Em plena entressafra de alguns produtos, preços de alimentos em queda estão contribuindo para que São Paulo registre este mês a primeira deflação mensal do ano e a menor desde 1957. A expectativa dos técnicos da Fundação Instituto de Pesquisas Econômicas (Fipe) da Universidade de São Paulo é que a comida fique em média 1% mais barata em agosto. Parte disso é efeito da maior oferta de grãos e de produtos industrializiados mas, segundo o presidente da Associação Paulista de Supermercados (Apas), Omar Assaf, a retração no consumo é o principal motivo do recuo nos preços.
O custo do feijão no mercado varejista está despencando, como define Manuel da Costa, presidente da Associação Brasileira dos Cerealistas. Há cerca de 40 dias a saca de 60 quilos era vendida por R$ 40,00 a R$ 42,00. ‘‘Esta semana está em torno de R$ 22,00 a R$ 24,00’’, afirma.
A boa oferta de carne bovina também está evitando altas no varejo. ‘‘Até novembro ou dezembro, quando termina a entressafra, os preços vão ficar estáveis’’, prevê João Carlos Meirelles, presidente do Conselho Nacional da Pecuária de Corte. ‘‘A tendência só deve mudar, se houver um frio violento’’.
Entre os produtos básicos, só há alguma alta nos preços do arroz e do óelo de soja. A oferta de arroz já está abaixo da demanda, mas o abastecimento, na opinião de Costa, só está prejudicado porque o governo não libera os estoques. Segundo ele, 70% desta safra já foi consumida.

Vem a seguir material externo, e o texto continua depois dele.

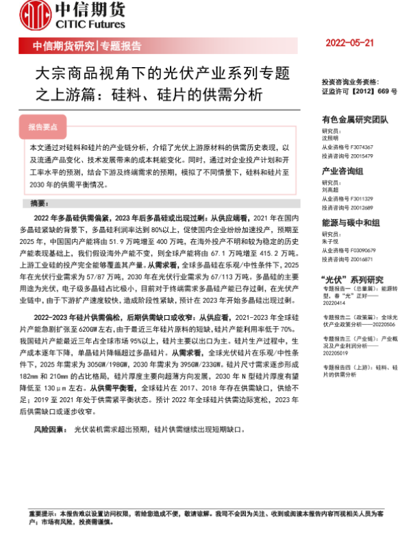 【中信期货】【20220521】专题报告:大宗商品视角下的光伏产业系列专题之上游篇,硅料、硅片的供需分析-28页

A importação, estima o especialista, deve chegar a 1 milhão de tonelada. ‘‘O arroz já foi importado e está em AGF no BB’’, afirmou. ‘‘Não sei porque o banco não libera isso’’, acrescenta. Nos últimos 15 dias, informa, o arroz já ficou cerca de 15% mais caro e deverá ter seu preço reajustado em até 5%.

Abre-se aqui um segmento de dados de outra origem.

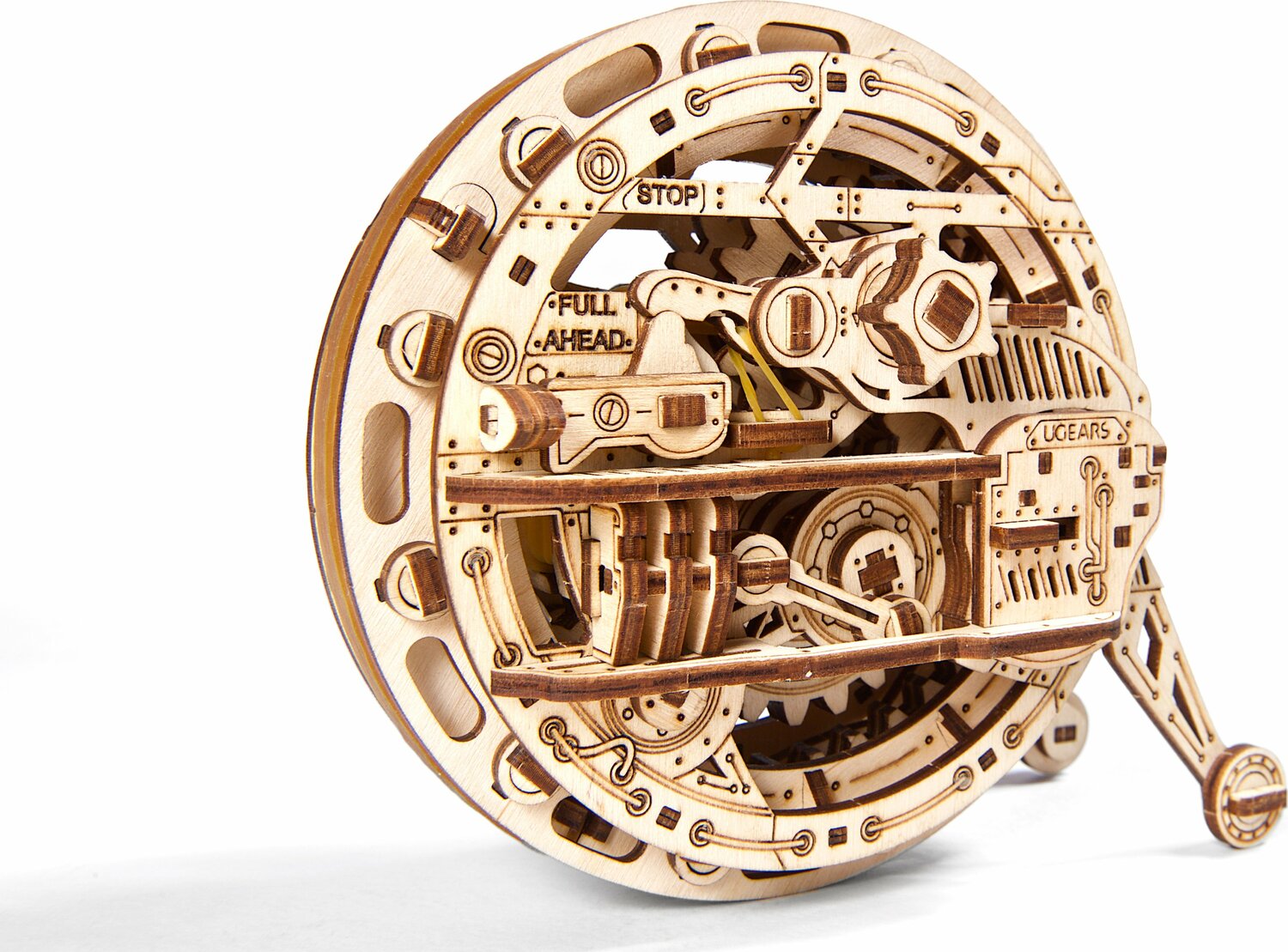 We hope you have missed unusual and peculiar mechanical models, because here comes the Monowheel rolling in to join your Ugears collection. Browsing through old photo archives we stumbled upon an image of a fun and smart transport device invented in the beginning of the 20th century. This was a single wheel accommodating one passenger-driver who looked so pleased with himself sitting inside his curious device that we couldnat help but design one for our collection. We extended our research to find out more about single-wheel mechanisms and found ones that had no operator at all, developed as war machines and all covered in armor. What really inspired us was a similar approach to the transmission employed in all the prototypes starting in the 1860s: a moving outer element with a stationary mechanism inside. Our peaceful minds striving for creation and curiosity took the best of those two prototypes and today we proudly present the all-wooden mechanical Monowheel! No armor shell included a" your new Monowheel is built in skeleton steampunk style, which means you can see and enjoy the beauty of moving gears. Despite its airy delicate appearance, your new model is quite sturdy a" you can take it outside and give it a good roll around on the pavement and other hard and semi-hard surfaces. The parts of the mechanism imitate a real steam engine. The lack of an outer shell grants easy access to rubber bands should you need to replace them. Two working modes guarantee even more fun. Mode one with the feet locked will give you uninterrupted rolling straight ahead for about 1.5 a" 2 meters (5.0-6.6 ft) until the rubber-band motoras resource is completely released. After that the model gracefully turns around and stops. The second mode with the feet in the unlocked position your Monowheel will roll ahead while the rubber-band motor is working. After that it turns around, its feet hide inside and the model keeps rolling until it runs into an obstacle. In this mode, the model can cover up to 5 meters, which inspired us to play some mechanical bowling using our new model as a bowling ball. We recommend this new sport to all our friends! As to the technical characteristics: the Ugears Monowheel kit comes with 300 parts, including 19 spare parts. The assembled model measures at 185 Ñ... 95 Ñ... 160 mm (7.3 x 3.7 x' 6.3' inches) and like all Ugears family models, itas made of sustainably sourced high grade wood and has everything you will need for assembly.' The quality of the parts is top-notch: a laser method is used for cutting items from a plywood board that provides precise hairline cuts. The details have to be pulled out of the boards and assembled to create a complete model. Like all other Ugears models, the Monowheel comes with step-by-step, full-color, truly easy to follow instructions in 11 languages (English, German, Ukrainian, French, Polish, Spanish, Russian, Japanese, Italian, Chinese and Korean) and requires neither glue nor special tools to be fully assembled into functional Monowheel. Let the fun roll in! Model Size: 7.3 x 3.7 x 6.3 in Package size: 14.6 x 6.7 x 1.3 in Number of parts: 300 Level: Intermediate Assembly Time: 3 hours Recommended Age: 14+ Kit weight: 1.69 lbs Case Pack Quantity: 5 Manufacturer: UGears

Apesar da boa oferta de soja, Costa prevê algum reajuste também no preço do óleo. ‘‘Os produtores estão preferindo exportar a vender no mercado interno’’, explica. Isso já está resultando em pequenas altas no varejo, mas nada muito significativo.
A retração das vendas estimula ainda mais a competição entre os supermercados, o que, segundo ele, está freando os preços. A comida no varejo estava custando 0,52% menos na segunda quadrissemana do mês, segundo a Fipe. Para ele, esse recuo nos preços dos alimentos não deve se sustentar por muito tempo.